Joke Collection Website - Mood Talk - How to start using Python crawler

How to start using Python crawler

I have been in contact with reptiles for 1 month. From python Xiaobai to deciphering various anti-reptile mechanisms, I'll tell you my direction:

1, learn to use the function of parsing web pages, such as:

Import? urllib.request

What if? __name__？ ==? __main__ ':

Website? =? "..."

Data? =? urllib.request.urlopen(url)。 read()？ # urllib.request.urlope (URL to be parsed)

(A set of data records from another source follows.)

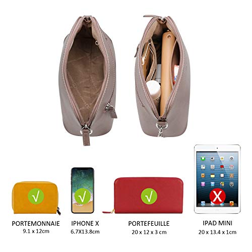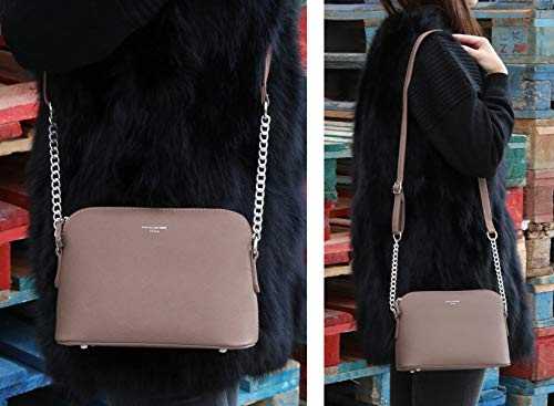 David Jones kleine schoudertas voor dames, saffianoleer, vaste schoudertas, schouder ketting-schouderband, handtas met ritssluiting, geschikt voor avondtas of clutch, voor in de stad, bruin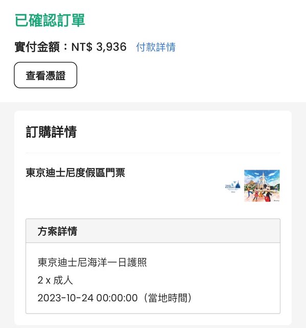 1. 讓售品項:東京迪士尼海洋電子門票一張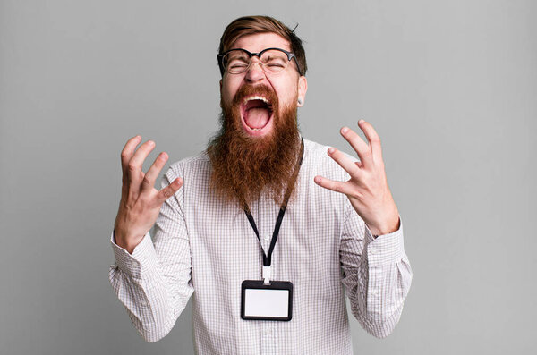 647049756 Long beard man looking desperate, frustrated and stressed. vip badge accreditation concept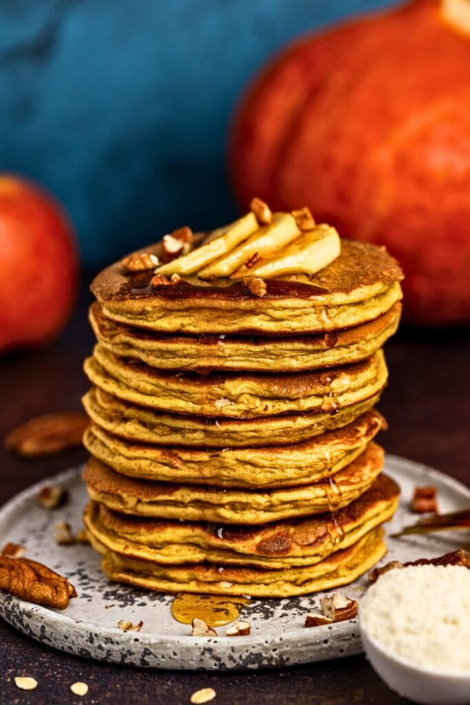 Allow the pumpkin protein powder pancakes to cool completely before storing them in an airtight container. Keep the container in the refrigerator for 3 to 4 days, or freeze for up to 3 months (best quality).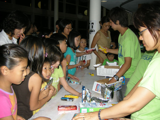 | ▲집에 돌아가며 쥬스와 스낵을 선물로 받아가는 어린이들. | |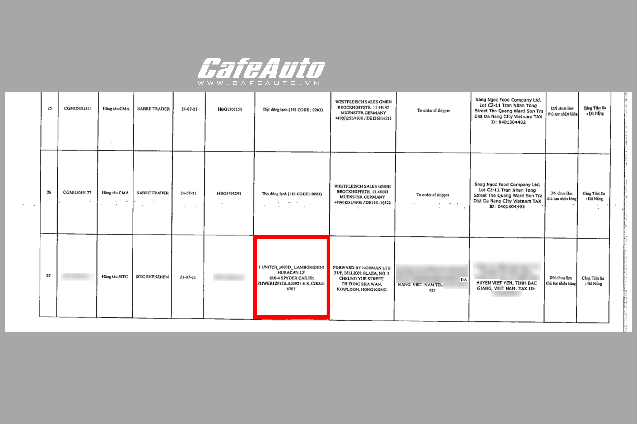 Đặc biệt hơn, phía công ty nhận hàng khai báo hàng hóa là Lamborghini Huracan LP610-4 Spyder. Chiếc xe cập cảng từ ngày 22 tháng 7 năm 2021 trong chuyến hàng vận chuyển từ Hongkong về Đà Nẵng. Thông tin người nhận là một đơn vị hoạt động trong lĩnh vực vận tải có trụ sở tại Đà Nẵng, trong khi thông tin người được thông báo là công ty làm trong lĩnh vực điện tử, máy móc tại Bắc Giang.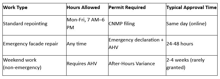 Property owners occasionally request evening or weekend repointing to minimize disruption to weekday business operations or to accommodate tenant schedules. The immediate response should be skepticism—NYC rarely grants after-hours variances for routine repointing.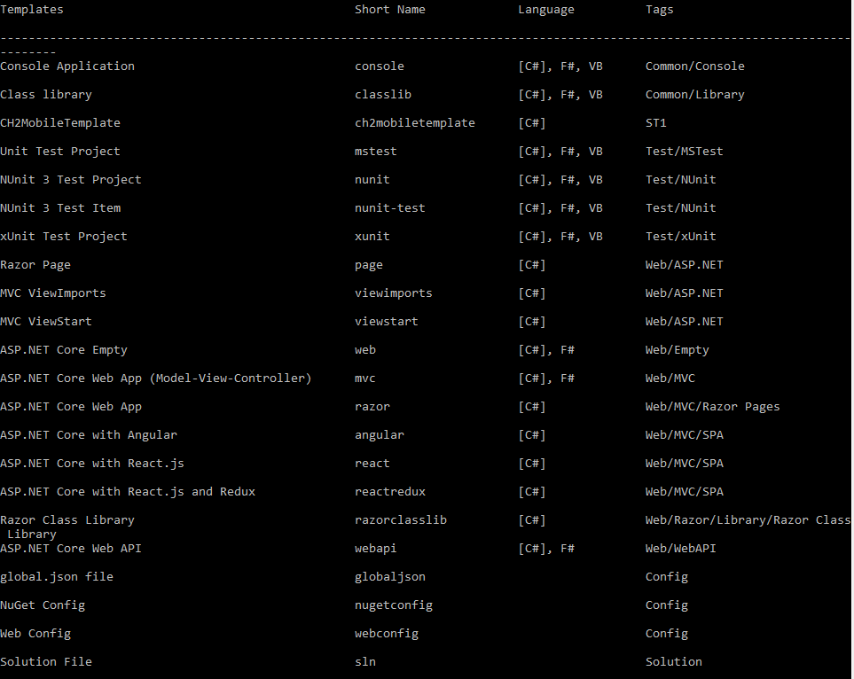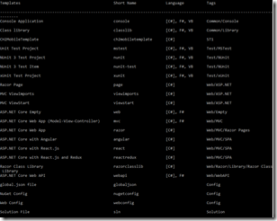 So starting this off, looking for a Vue.js SPA template within Visual Studio…nope not available. Using command line dotnet new –l you can see it is not within the template package from Microsoft.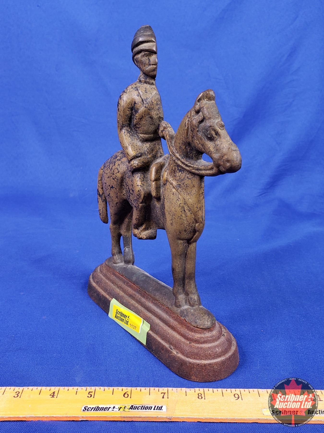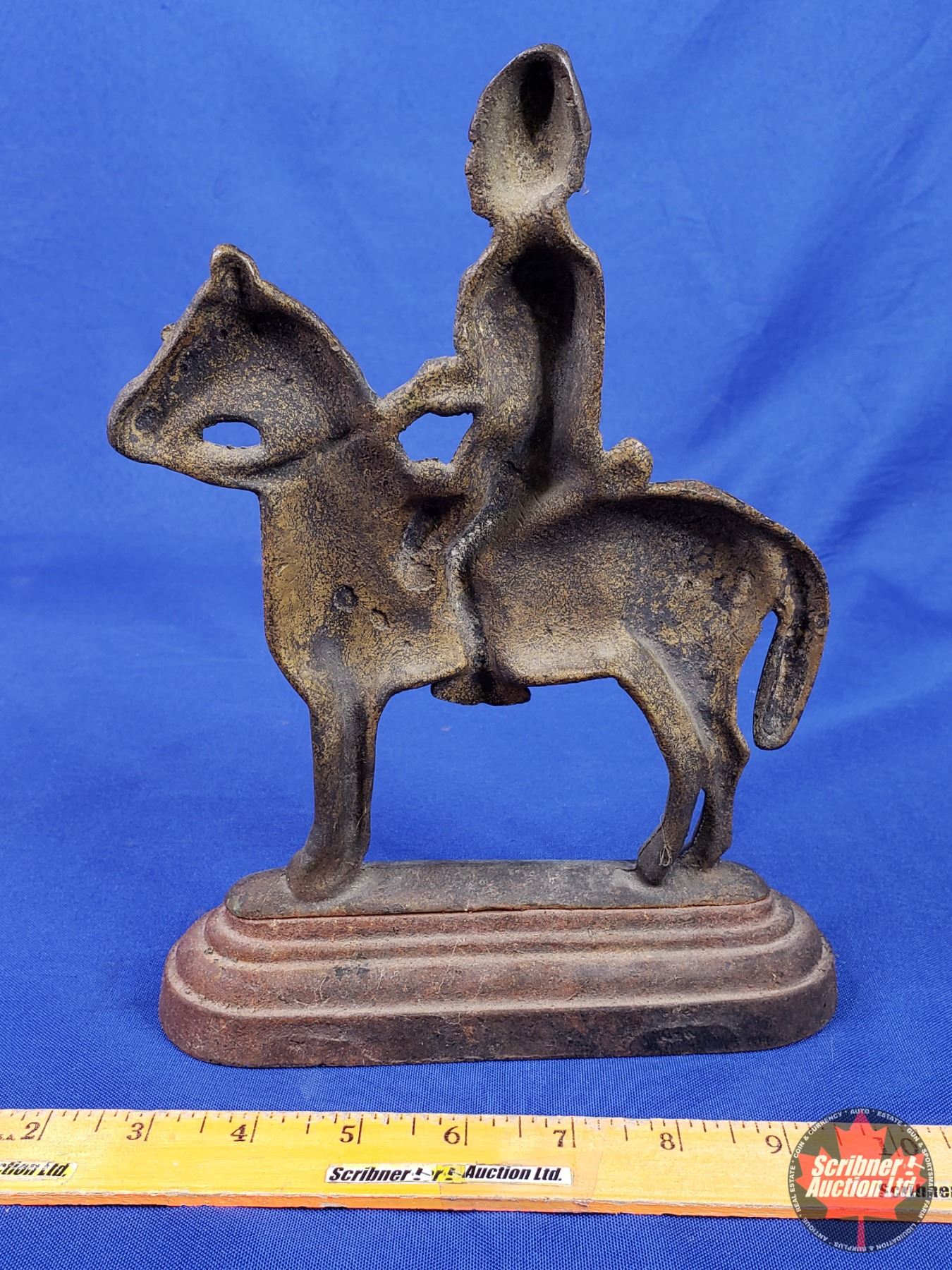 Brass & Cast Iron Calvary Soldier on Horse Door Stop (10") (SEE PICS!)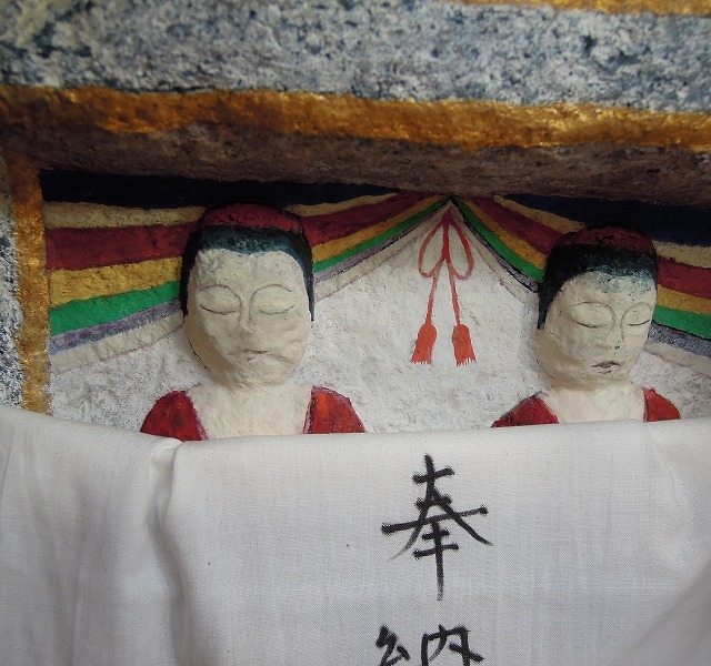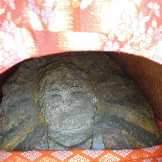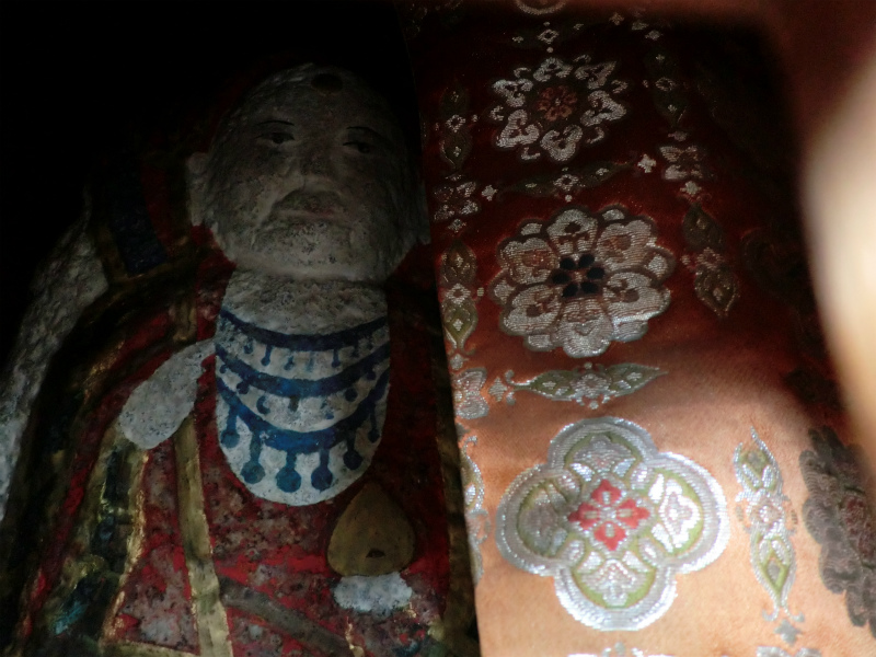戸帳の向こうにお地蔵さん。暗いから・・・ちょっと怖く見えますが、左手に宝珠、右手に錫杖。冷静なお顔立ちです。首飾りが沢山。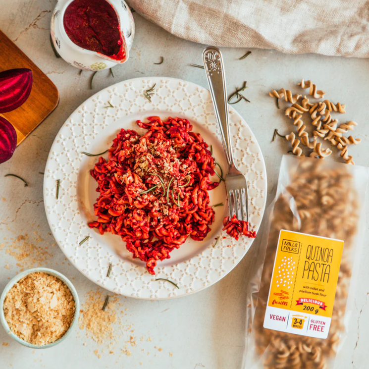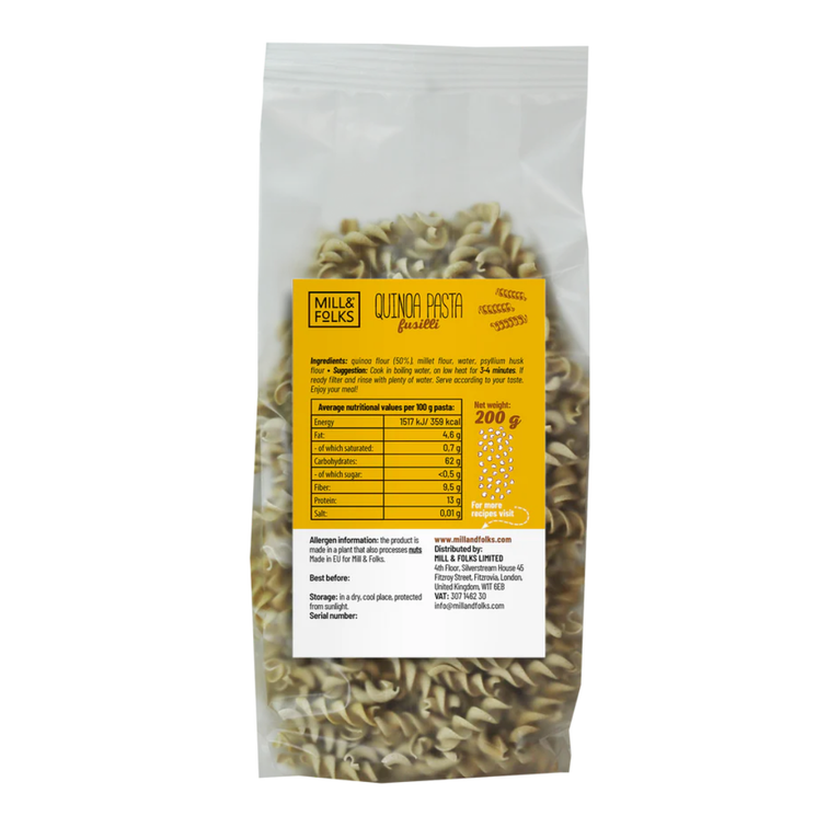 Mill & Folks Quinoa Pasta Fusilli is a gluten-free pasta made from quinoa and millet flour, offering a naturally mild flavour and a firm texture that holds well during cooking. Quinoa, traditionally grown in South America, has long been valued as a staple grain and continues to be widely used in plant based cooking today. The spiral fusilli shape helps capture sauces and ingredients, making it suitable for a variety of pasta dishes. Whether served with vegetables, rich tomato sauces or light dressings, this pasta offers a simple and versatile option for gluten free and plant based meals.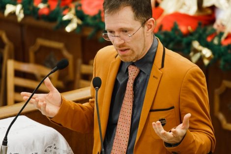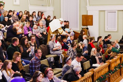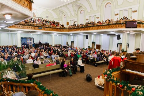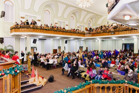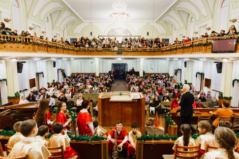 С проповедью к членам церкви и её гостям обратился Коновальчук Павел. Он напомнил о том, что на самом деле значит праздник Рождества, периодически вступая в диалог с детьми, находящимися в зале. В завершение служения, по традиции, все присутствующие дети получили сладкие подарки.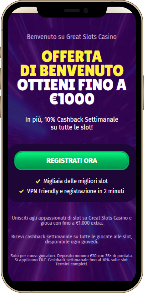 GreatSlots Casino è un operatore online lanciato nel 2024 e gestito da Fortune Forge Limited, società registrata in Costa Rica. Il sito dispone di un ambiente moderno e offre un pacchetto di benvenuto fino a 1000 € più 10 % di cashback settimanale sulle perdite. Il deposito minimo richiesto è di 20 €, mentre anche il prelievo minimo parte da 20 €, con tempi di elaborazione rapidi (entro 24 ore per i portafogli elettronici). Le transazioni sono possibili tramite Visa, MasterCard, Skrill, Neteller, MiFinity, Jeton, bonifico bancario e diverse criptovalute come Bitcoin, Ethereum, Tether e Litecoin. La piattaforma è disponibile in inglese e spagnolo, supporta la valuta euro (EUR) e propone un’assistenza clienti 24/7 via chat o email. GreatSlots punta su bonus ricorrenti, cashback e un’ampia selezione di slot e giochi live, mantenendo un’interfaccia semplice e accessibile.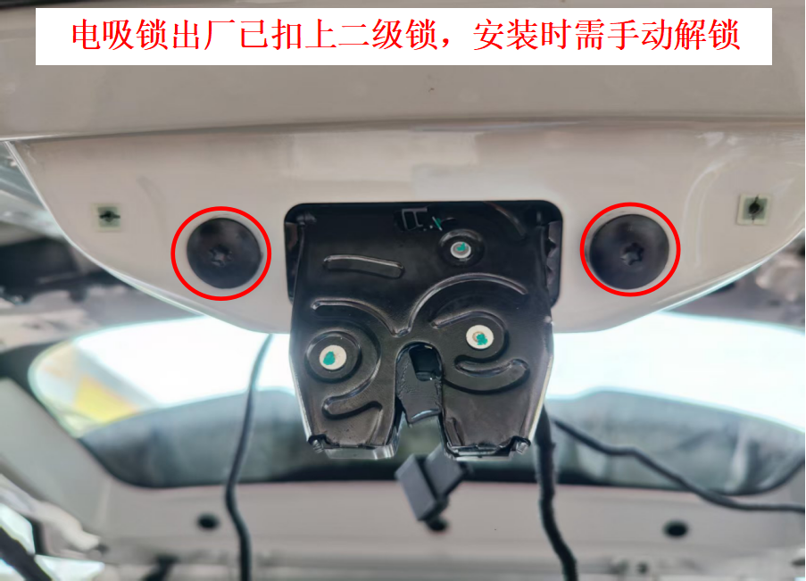 13、装好我司电吸锁,使用原车螺钉,并套上原车锁胶套。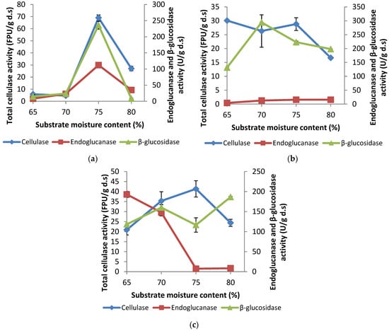 3.4. Effect of Initial Substrate Moisture Content on the Production of the Cellulase Enzyme System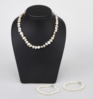 3200. Lot d'un collier et de deux bracelets de perles d'eau douce
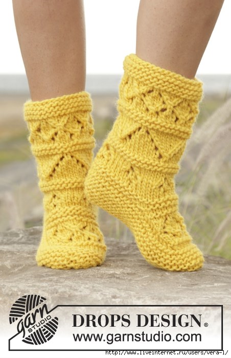 В след. лиц.р. вязать: вернуть отложенные петли с 1-ой доп. спицы и провязать их лиц.п., поднять по краю детали 12-14-16 п. с одной и со второй стороны, провязать центр. петли этой детали и закончить петлями со 2-ой доп. спицы = 63-69-75 п. Теперь высоту детали измерять от этого ряда. Продолжить вязание платочным узором, при этом в центре поставить маркер, через 2 см убавить по 1 п. с каждой стороны от маркера, провязав 2 п. вместе лиц. Повторять ряд убавлений в каждом 2-ом ряду и в это же самое время когда высота детали составит 4-4-5 см убавить по 1 п. с каждой стороны у кром.п. аналогичным образом. Повторять ряд убавлений в каждом 2-ом ряду. Через 5-5-6 см закрыть петли. Сшить задний шов носка и выполнить шов на подошве.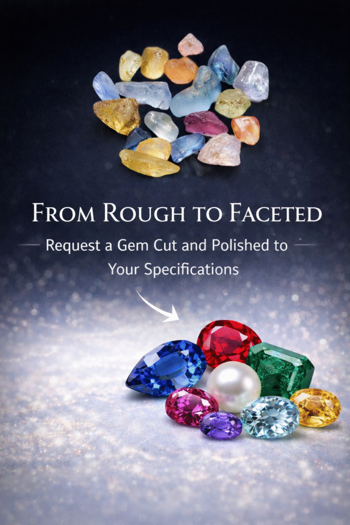 Share your unique vision with us. Beyond our curated collection, we offer exquisite uncut gemstones, expertly cut and polished to meet your custom requirements.
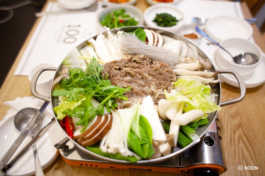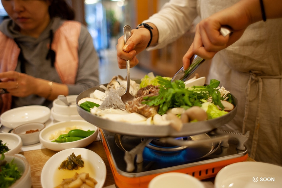한방 삼계탕은 한방의 느낌이 강했다. 집에서 하는 삼계탕보다 조금 더 한방의 느낌이 강했고, 닭가슴살도 퍽퍽하지 않고 부드러워서 좋았다. 한약 맛을 별로 좋아하지 않는다면 일반 삼계탕을 선택하길 바란다. 국물이 두 명이 먹기에는 조금이라 그 점이 아쉬웠다. 혼자 먹기엔 괜찮았다. 소고기와 버섯 등이 들어간 전골은 달달한 맛일 거라는 나의 착각과는 다르게 단맛이 거의 없어서 놀라웠다. 조금 더 달았어도 맛있게 먹을 수 있었을 것 같다.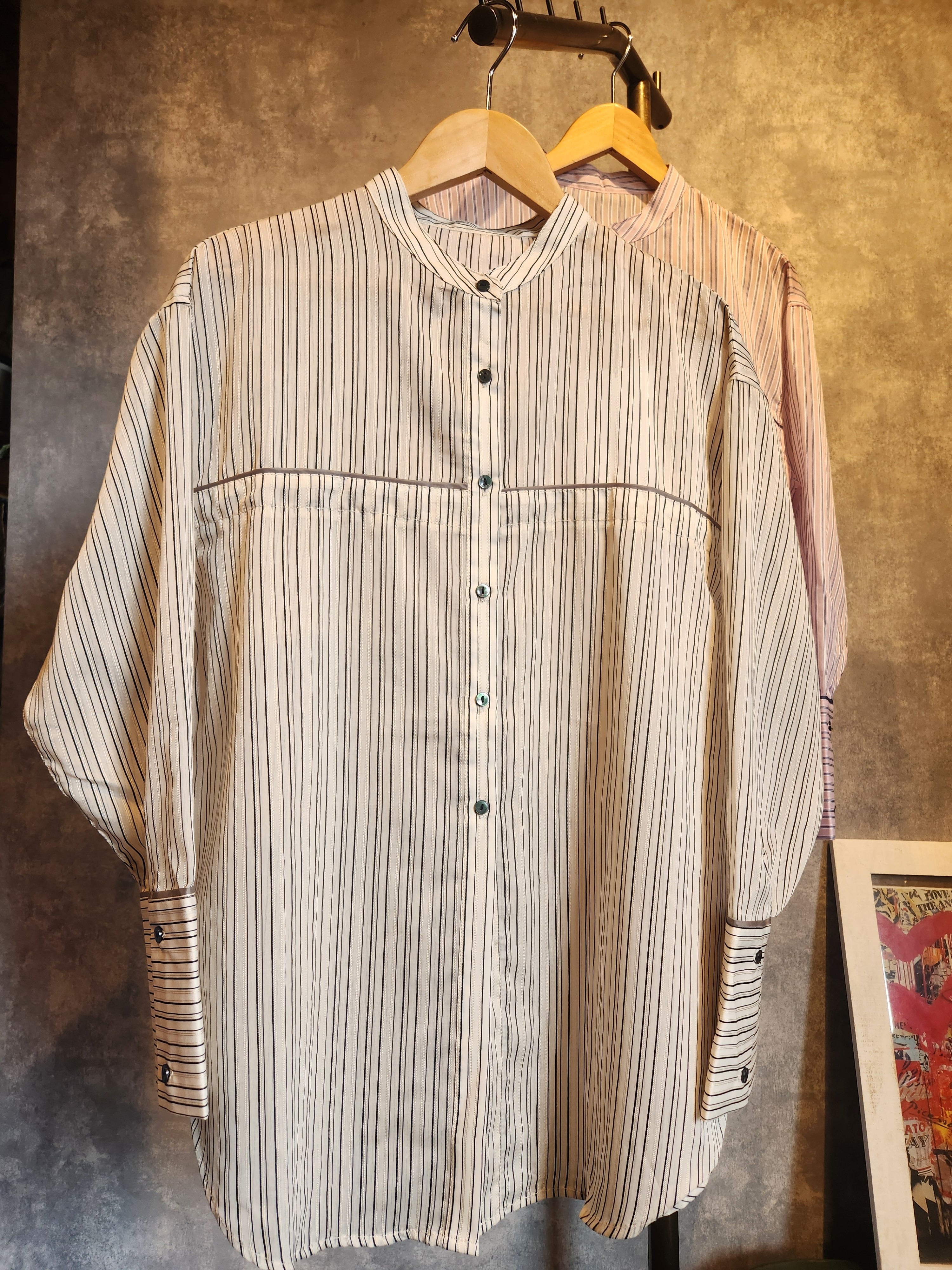 ヨーク、カフスには配色のパイピングをアクセントに。少しオーバーサイズでスタイリングに抜け感をプラスできます。ベーシックな形で着回し力も◎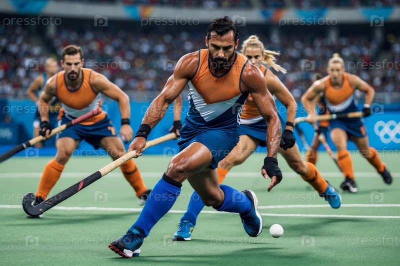 AI Generative Мужская хоккейная команда играет на стадионе, летние Олимпийские игры соревнования

Data? =? data.decode('unicode_escape '，' ignore ')？ # Decoding in unicode_escape mode

Print (data)

2. Learn regular expressions:

The symbolic meaning of regular expression is as follows. Regular expression filters out the information in the above data, for example:

Def get_all (data):

Reg = r' (search. +)(" )(mars_sead= "。 +title= ")(。 +)(" data-id= ")"

All = recompile (reg);

alllist = re.findall(all，data)

Return all lists

3. Press the result into the array:

What if? __name__？ ==? __main__ ':

Information = []

info.append(get_all(data))

4. Write the array into excel:

Import xlsxwriter

What if? __name__？ ==? __main__ ':

Information = []

info.append(get_all(data))

workbook = xlsxwriter . workbook(' C:\ \ Users \ \ Administrator \ \ Desktop \ \ What ' s file name。 xlsx’)？ # Create an Excel file

Worksheet = workbook.add_worksheet ()? # Create a worksheet object

For I(0, len(info)) in the range:

Worksheet.write (row, column, info[i], font)# Write info[i] line by line.

Workbook.close()# Close excel

Simple reptiles did it, but advanced reptiles didn't teach it. You haven't touched it yet, so you can't understand it.